Broadcaster and former BBC Crimewatch presenter Nick Ross will speak in Exeter tonight about why he believes people’s views on crime are based more on ‘anecdote and quackery’ than science.
Mr Ross will share his ideas during a lecture at the University of Exeter about why crime exists and how to tackle it.
The talk on the main Streatham Campus near the city centre comes soon as Mr Ross launches his new book: ‘Crime: how to solve it, and why so much of what we’re told is wrong.’
He will explain why crime rose dramatically, why it has fallen across the western world, and why he feels ‘politicians and police should learn from the success of medicine and treat crime as a disease’.
Professor Steve Thornton, dean of the University of Exeter Medical School, said: “Nick Ross has been a strong supporter of the Medical School. He has an interest in medical education, and I am certain that his broadcasting experience will contribute to a fascinating and engaging lecture on a topic that affects us all.”

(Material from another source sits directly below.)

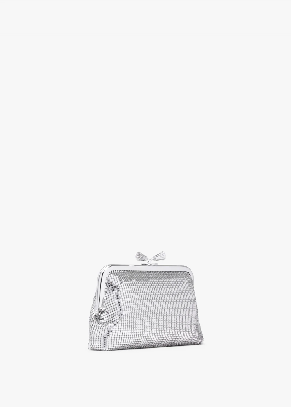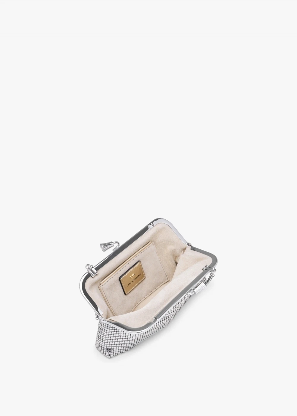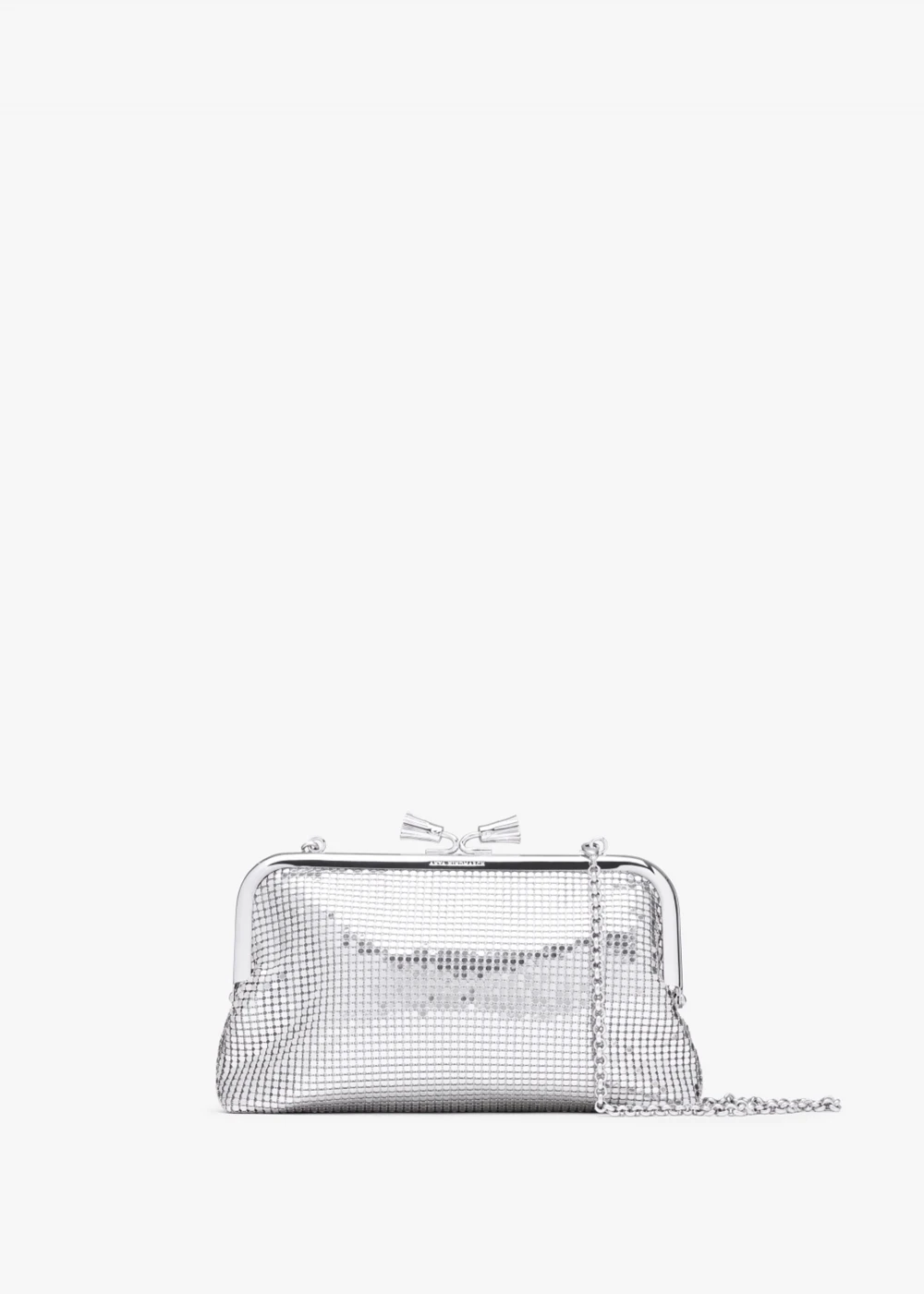 The ‘Mesh Maud Tassel’ clutch bag from Anya Hindmarch is the perfect occasion accessory. This effortlessly chic style is crafted from metal mesh with luxurious suede lining and silver tone accents. Classic purse fastening with vintage inspired frame and metal tassels feature. Carry by the delicate detachable chain strap or fashion as a classic clutch style. Classic logo is embossed on to the metal top frame. Signature Anya Branding is seen throughout.

Crime levels in Exeter City Centre have fallen steadily since the start of the year from 270 in January to 227 in June.
But the number of violent crimes was the same in both months at 34, down from 72 in December 2012.
Mr Ross presented radio and TV for almost 40 years, including World at One, A Week in Politics and launched breakfast TV and shows including Watchdog.
He produced, directed and reported several award-winning documentaries, but is best known for Crimewatch which he fronted for 23 years.
He is a campaigner for science and evidence-based medicine and is a visiting professor and honorary fellow at UCL where he founded the Jill Dando Institute of Crime Science.
His book, ‘Crime: how to solve it, and why so much of what we’re told is wrong’, was published in the summer.